Vimal Kapur, CEO of Honeywell, one of the world’s largest industrial conglomerates, sees AI differently than most. AI is not about threatened office workers. “Every five years there’s a trend that makes your skills obsolete,” Kapur said at the recent CNBC Evolution: The AI Opportunity Summit in New York. “The loss of white-collar workers is an ongoing evolution.” AI, he said, is not about the cool features it can offer consumers, who “get excited about writing resumes or restaurant recommendations.” The biggest problem AI can solve for Honeywell is first and foremost the labor shortage it and its client companies face. From pilots to technicians, falling birth rates in industrialized countries have led to fewer and fewer jobs that were popular 25 years ago. “Everyone in industry has this problem,” he said. Honeywell’s AI opportunity is about creating a new pool of labor that can learn and work alongside AI and accumulate and deploy institutional knowledge faster. Traditionally, he said, humans needed 15 years of experience to handle complex roles, but someone with five years of experience working with two AI co-pilots can reach the same level.Labor isn’t the only issue with AI deployment. Kapur noted that Honeywell plans to roll out connectivity within jet engines in the coming months that will allow the company to proactively monitor engine performance to spot maintenance issues before they return to the shop. The same is true for smoke detectors, another staple in Honeywell’s product line, which will be identified as needing repair or replacement earlier than before.
But labor issues remain a top concern for the Honeywell CEO, who added that it makes him see AI as a revenue opportunity rather than a way to increase productivity. “Skills shortage is at the heart of our problem,” Kapur said. “It’s the constraint to increasing revenue. The biggest constraint to revenue is the lack of skilled labor.”
Most companies are just beginning to find a return on their AI investments, with levels of return far beyond OpenAI’s underlying large language models and Nvidia’s chipmaking.
Raw data, collected directly from the source without being filtered through intermediaries, will be the key to AI success for many companies, said Jake Loosararian, CEO of Gecko Robotics. Gecko Robotics, a company that works in energy, manufacturing and defense to optimize maintenance, has AI-powered inspection robots analyzing equipment as large as aircraft carriers to identify structural defects.
“The future belongs to companies with ‘best-in-class’ datasets,” he told Jon Fortt, host of CNBC’s “Closing Bell Overtime,” at the Evolve: AI Opportunity event.

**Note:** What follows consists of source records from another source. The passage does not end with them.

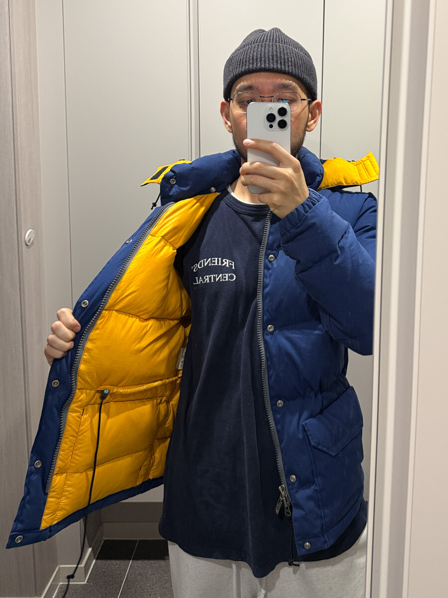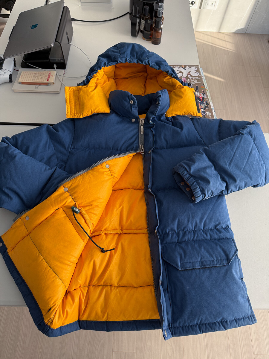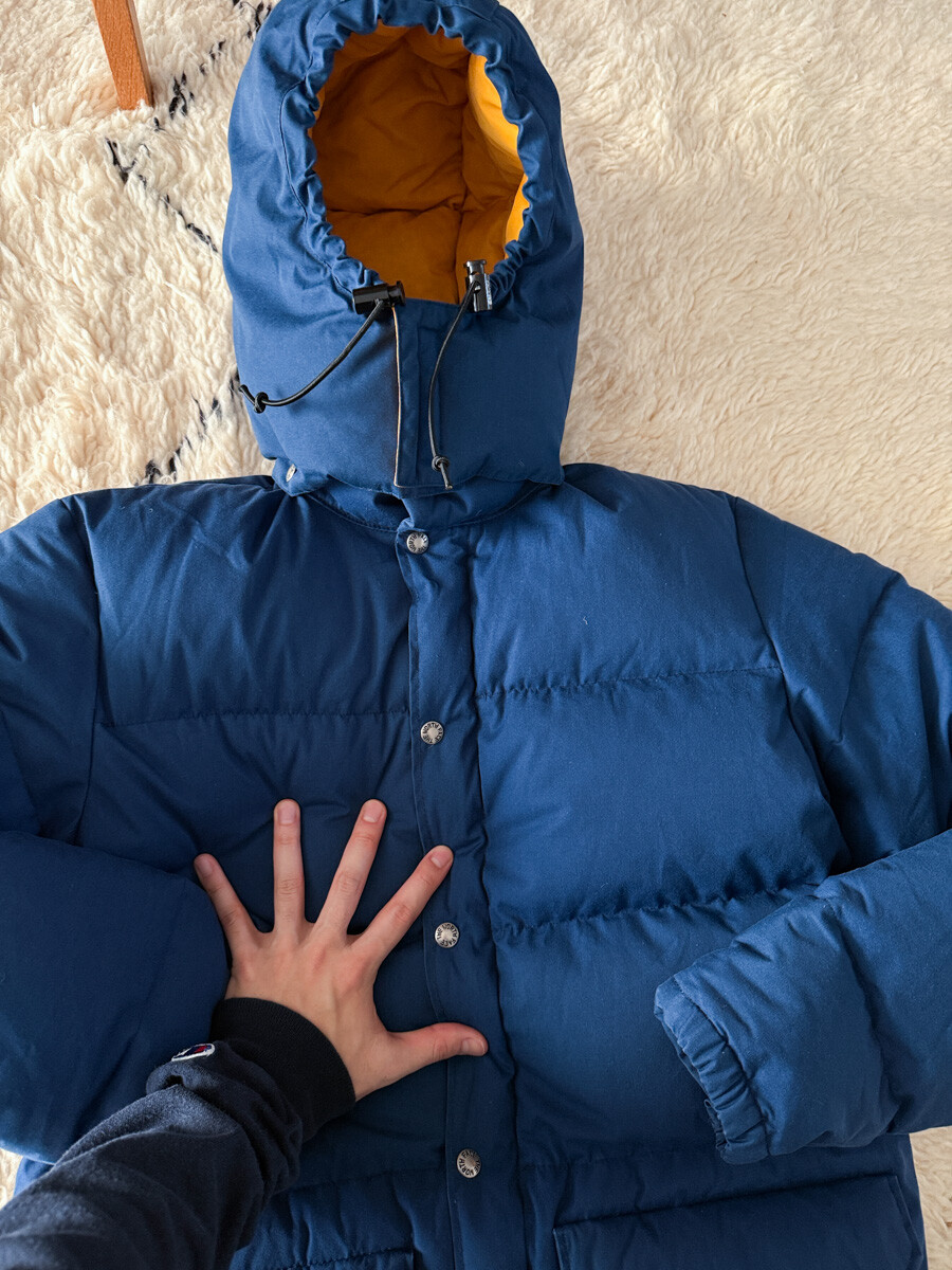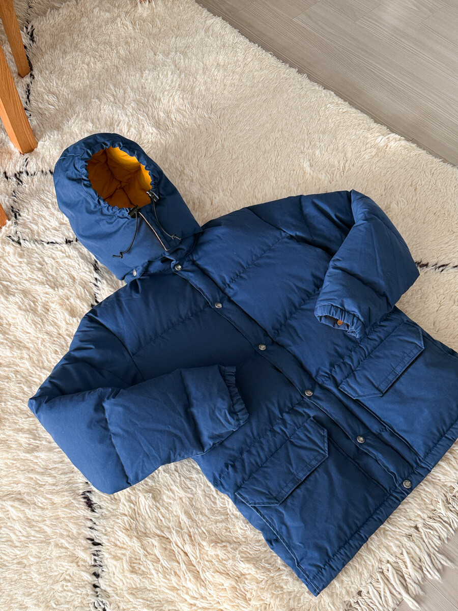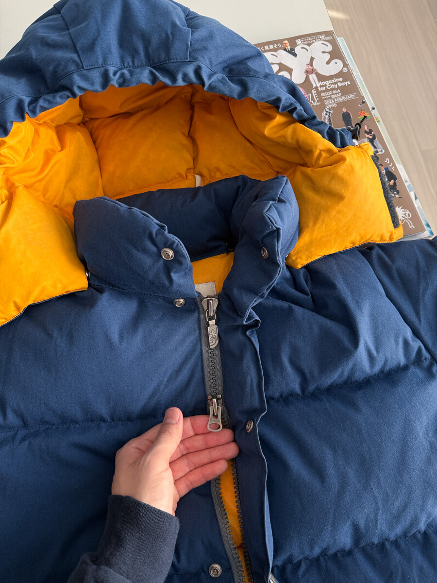 old THE NORTH FACE - Hood Down Puffer (Vintage Blue & Yellow) made in USA πΊπΈ
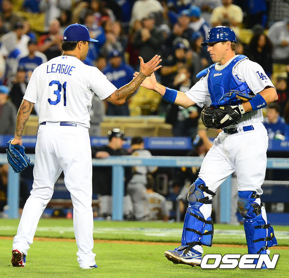 경기를 마치고 LA 다저스 브랜든 리그와 A.J 엘리스가 하이파이브를 하고 있다. / rumi@osen.co.kr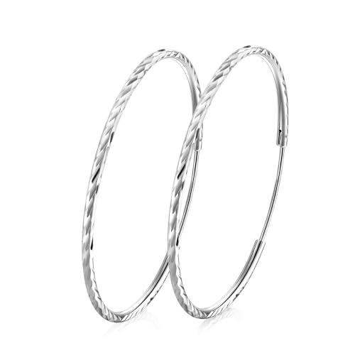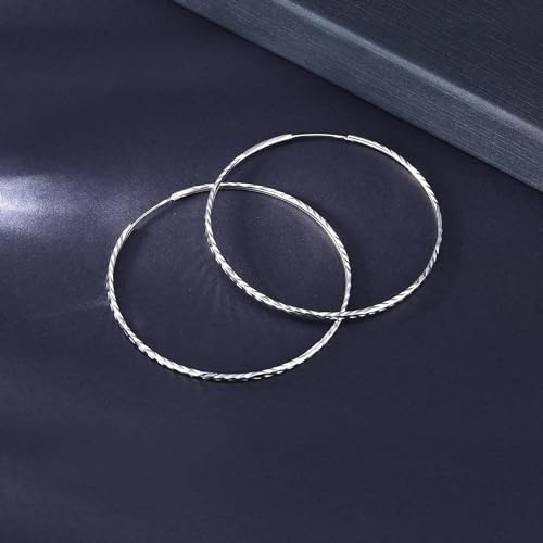 T400 925 Sterling Silver Hoops 2mm Diamond Cut Round Circle Lightweight Hoop Earrings Small and Large 25 35 45 55 65 75 mm Gift for Women
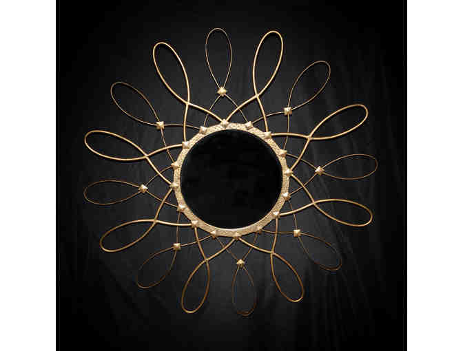 Beautiful wall mirror that will highlight and brighten any room. Gold ornamental design encompasses the mirror and will look great hanging over an accent piece of furniture in the living room or dining room. Or, it will look great as wall art outside in the sunroom.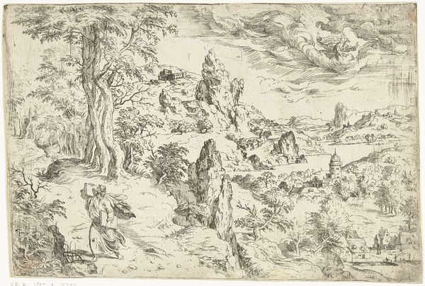 Editor: This is "Landscape with the Sacrifice of Isaac" by Hieronymus Cock, created in 1551. It looks like an ink drawing. The scene is quite dramatic, a landscape looming over the almost-sacrifice, but I am really drawn to the materiality of the work, the clear evidence of labor. What’s your interpretation? Curator: Indeed. I find it helpful to consider the pen and ink as crucial actors here. The labor-intensive process of creating these meticulously detailed lines was central to conveying not only the image but the theological concepts of obedience and sacrifice to an emerging public audience. The distribution network that made Cock a leader is critical. What do you make of the landscape itself? Editor: It seems less of a backdrop and more like another character, looming, indifferent even, with all those sharp cliffs and twisted trees. So, is the landscape meant to reflect something about the economics or socio-political climate of the time? Curator: Precisely! Think about the raw materials - ink and paper. Where did they come from? Who produced them? Consider the labor involved in not only the artist’s hand but the manufacturing of the medium itself. How does that influence our perception of this religious narrative? Editor: So, by examining the production and availability of these materials, we gain insight into the broader culture of the 16th century? It isn’t just about the subject, it is about the means of representation, who could participate and consume art like this. Curator: Precisely. Understanding that this drawing wasn’t just a personal creation but part of a larger industry reshaping cultural and spiritual consumption provides a richer, more material understanding of the artwork's historical weight. Editor: I've always looked at art for beauty or emotion. I had never really considered what it was made of. This gives me a different framework. Curator: The world remakes our media, as we remake the world!
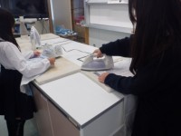 縫いあげて完成に近づいている人が増えてきました。自分が作ったエプロンを切るのはとても楽しみですね。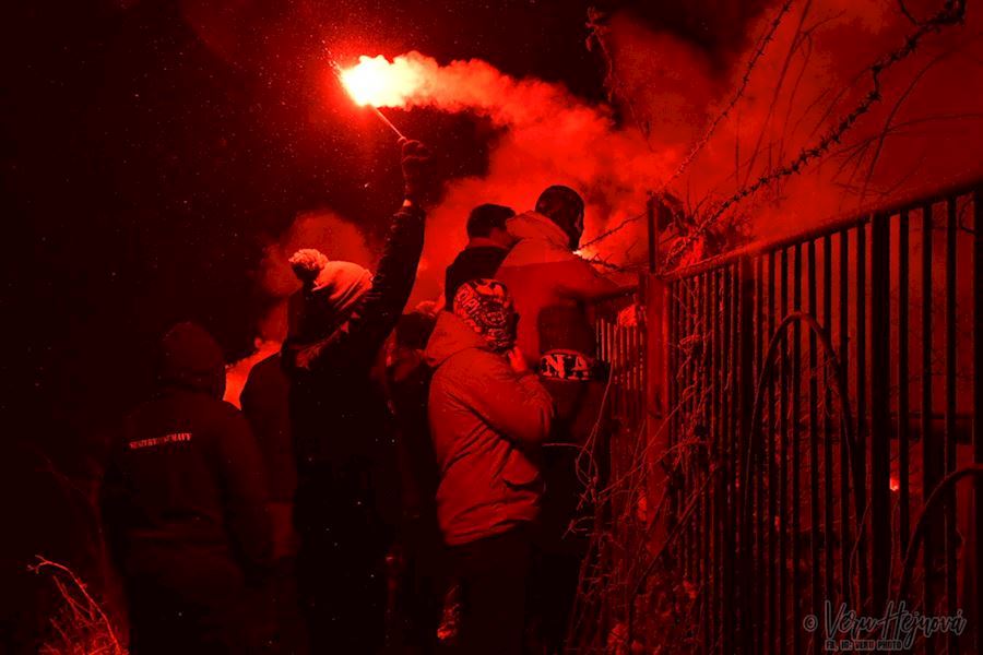 Hned několik táborů vyjelo podpořit své týmy a nechyběla ani pyrotechnika...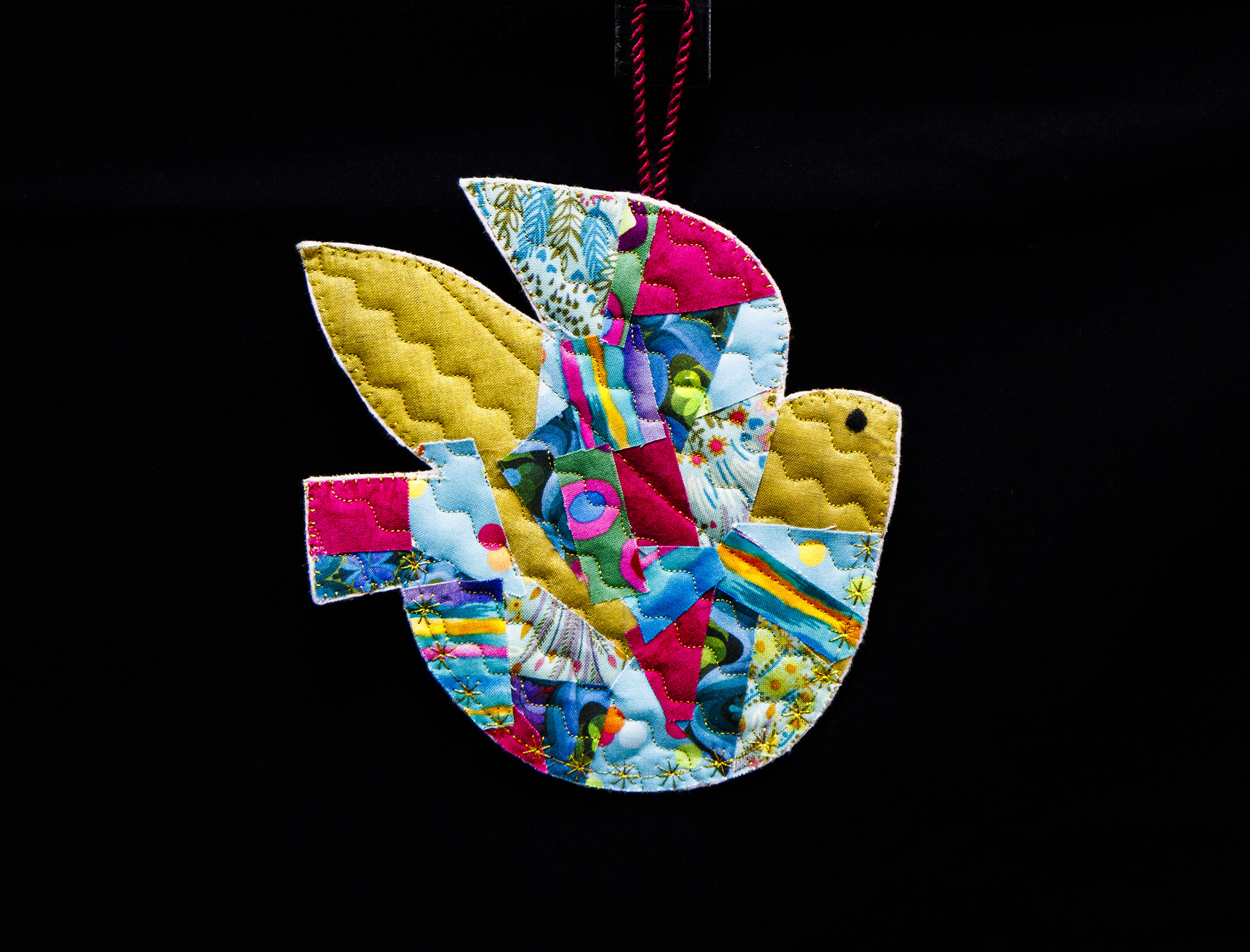 I create small, handmade items, larger fabric installations, and quilted projects. Years of sitting at my kids’ soccer games, riding lessons, and cross country meets provided moments in time to stitch away. At this phase of my life, I’m making space for deeper exploration of my creativity and enjoy the contemplative nature of art through hand and machine stitching and fabric collage.

Several executives stressed the importance of moving beyond the current focus on large language models, including one at the forefront of the LLM: Clément Delangue, co-founder and CEO of Hugging Face, one of the world’s most highly valued AI startups, backed by Amazon, Nvidia and Google. He expressed similar sentiments to Loosararian at the CNBC event. Delangue
“Data and datasets are the next frontier in AI,” he said, noting that more than 200,000 public datasets have been shared on Hugging Face, a platform that takes an open-source approach to developing AI models, and that datasets added to the platform are growing faster than new large language models.
“The world will evolve to a world where every company, every industry and even every use case has its own specific custom model,” Delangue said. “Eventually, every company will build their own model, just like they have their own code base and build their own software product… Ultimately, this will help them differentiate themselves.”
If companies gain the most from AI customized to their use cases, a view is gaining momentum in AI regulatory discussions to shift the focus from large language models to industry-specific monitoring. As these use cases proliferate, executives need to make sure they are communicated to the board.
“Board members really need to understand what use cases the company might be using so they can get a report from the people who best understand the risks the company might face,” Katherine Forrest, a former federal judge, partner at Paul, Weiss, Rifkind, Wharton & Garrison and an expert in AI law, said at the CNBC AI Summit.
Now, she said, is the time to ask: “What are the risks? Do we have the right people to manage those risks? Have we had any incidents? They should know if those risks actually occurred.”
While there is debate about how quickly AI opportunities will be realized, Honeywell’s Kapur is optimistic about a rapid steepening of the adoption curve. “Awareness is high and adoption is low, but there will be an inflection point,” he said. “I do believe 2025-2026 will be a big year for AI adoption in the industrial sector.”